Updated

Second-quarter earnings at Target Corp. (TGT) quadrupled due to a one-time gain from the sale of its Marshall Field's (search) department stores to The May Department Store Co. (MAY).

The discount retailer Thursday reported net income of $1.42 billion, or $1.54 per share, up from $358 million, or 39 cents per share, in the same quarter last year. Total revenues were $10.56 billion, up 10 percent from $9.59 billion in the second quarter of 2003, driven by a 3.9 percent increase in comparable-store sales — sales at stores open at least a year.

Earnings from continuing operations were $366 million, or 40 cents per share, up 11 percent from $329 million, or 36 cents per share, in the second quarter last year. The earnings for continuing operations included a pretax loss of $74 million related to the repurchase of $455 million in debt.

Analysts surveyed by Thomson First Call had estimated 47 cents per share.

"We are pleased with our strong second-quarter results at Target Stores, and confident that we will continue to enjoy profitable market-share growth throughout the remainder of 2004 and well into the future," Bob Ulrich, chairman and chief executive officer, said in a statement.
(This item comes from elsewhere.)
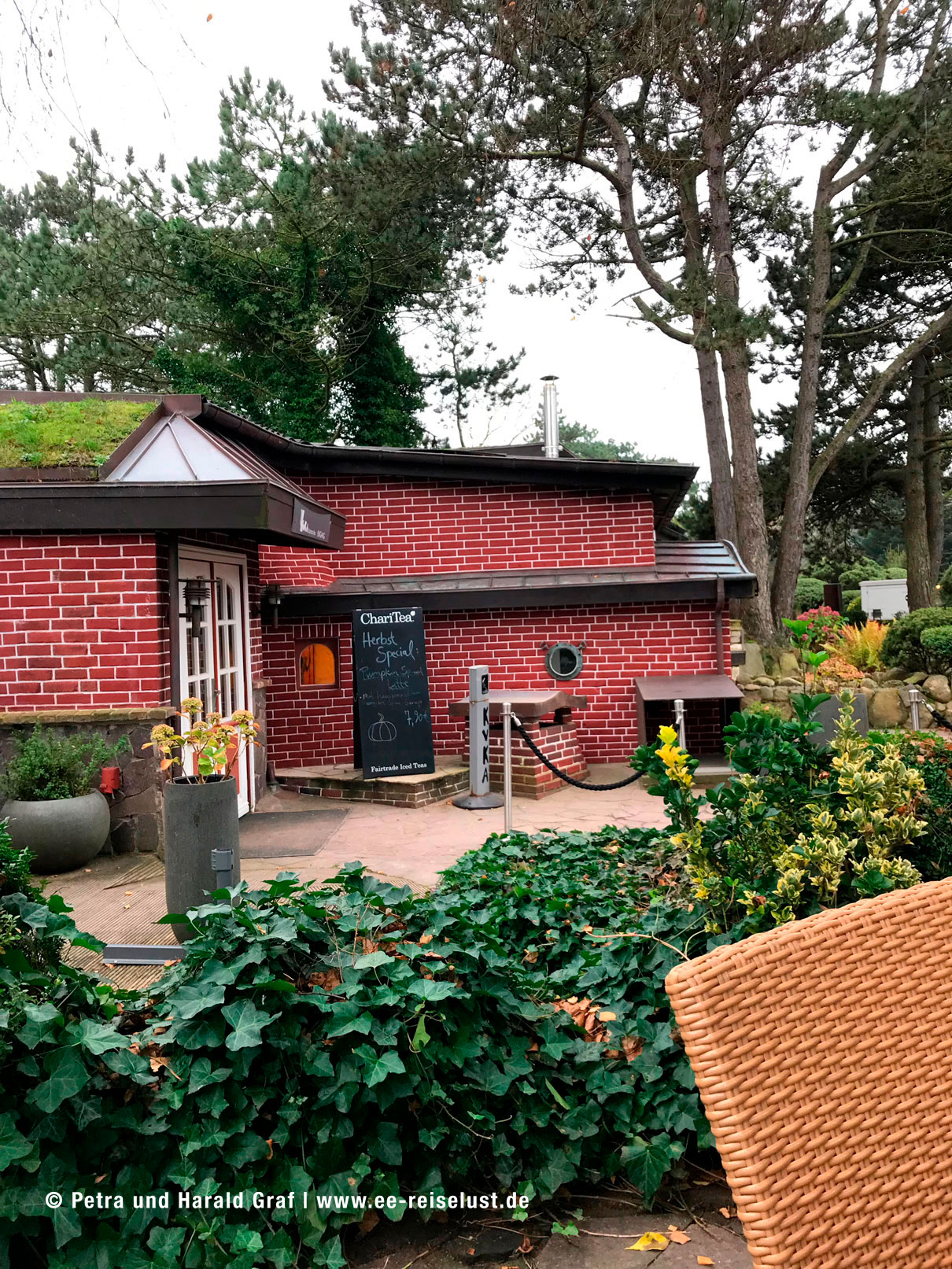 Wir umrundeten den Teich. Die Friesenkapelle, die wir uns anschauen wollten, war leider geschlossen, wie die meisten Kirchen mittlerweile. Auf dem Heimweg kamen wir an dem Café „Sylter Domizil“ vorbei.

Earnings for the first six months were $1.85 billion, or $2.02 per share, up 162 percent from $707 million, or 77 cents per share, in the first half of 2003. Revenues were $20.74 billion, up 12 percent from $18.52 billion in the first six months last year.
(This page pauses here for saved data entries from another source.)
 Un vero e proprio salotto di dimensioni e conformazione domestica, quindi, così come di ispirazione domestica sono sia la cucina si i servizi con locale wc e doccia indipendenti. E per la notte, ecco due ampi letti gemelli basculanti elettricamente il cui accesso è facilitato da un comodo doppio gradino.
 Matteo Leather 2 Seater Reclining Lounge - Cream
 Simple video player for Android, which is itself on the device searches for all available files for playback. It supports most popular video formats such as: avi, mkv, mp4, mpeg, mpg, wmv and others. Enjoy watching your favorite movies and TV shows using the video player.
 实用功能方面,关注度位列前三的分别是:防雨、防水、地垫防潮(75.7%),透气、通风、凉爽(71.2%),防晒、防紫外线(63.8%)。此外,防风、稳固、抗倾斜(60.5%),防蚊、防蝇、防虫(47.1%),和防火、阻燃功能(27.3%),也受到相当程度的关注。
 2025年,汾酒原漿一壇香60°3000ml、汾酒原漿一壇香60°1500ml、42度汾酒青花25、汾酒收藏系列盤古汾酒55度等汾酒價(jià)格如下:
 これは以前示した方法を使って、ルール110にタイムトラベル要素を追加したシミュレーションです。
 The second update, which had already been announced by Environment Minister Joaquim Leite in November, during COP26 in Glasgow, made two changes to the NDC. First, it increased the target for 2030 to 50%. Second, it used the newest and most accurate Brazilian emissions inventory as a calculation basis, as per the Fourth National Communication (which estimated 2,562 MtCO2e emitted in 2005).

Target operates 1,272 Target stores in 47 states and the online business Target.com.

On July 29, Target said it had agreed to sell its Mervyn's subsidiary, including 257 stores, to an investment group and to sell Mervyn's (search) credit card receivables to GE Consumer Finance for a total price of around $1.65 billion. The transaction is expected to close in the third quarter. Target said it expects the sale to result in a pretax gain of about $270 million.

Separately, Target expects its sale of nine Mervyn's stores in Minnesota to The May Department Store Co. to also close in the third quarter, and said the deal will not affect earnings.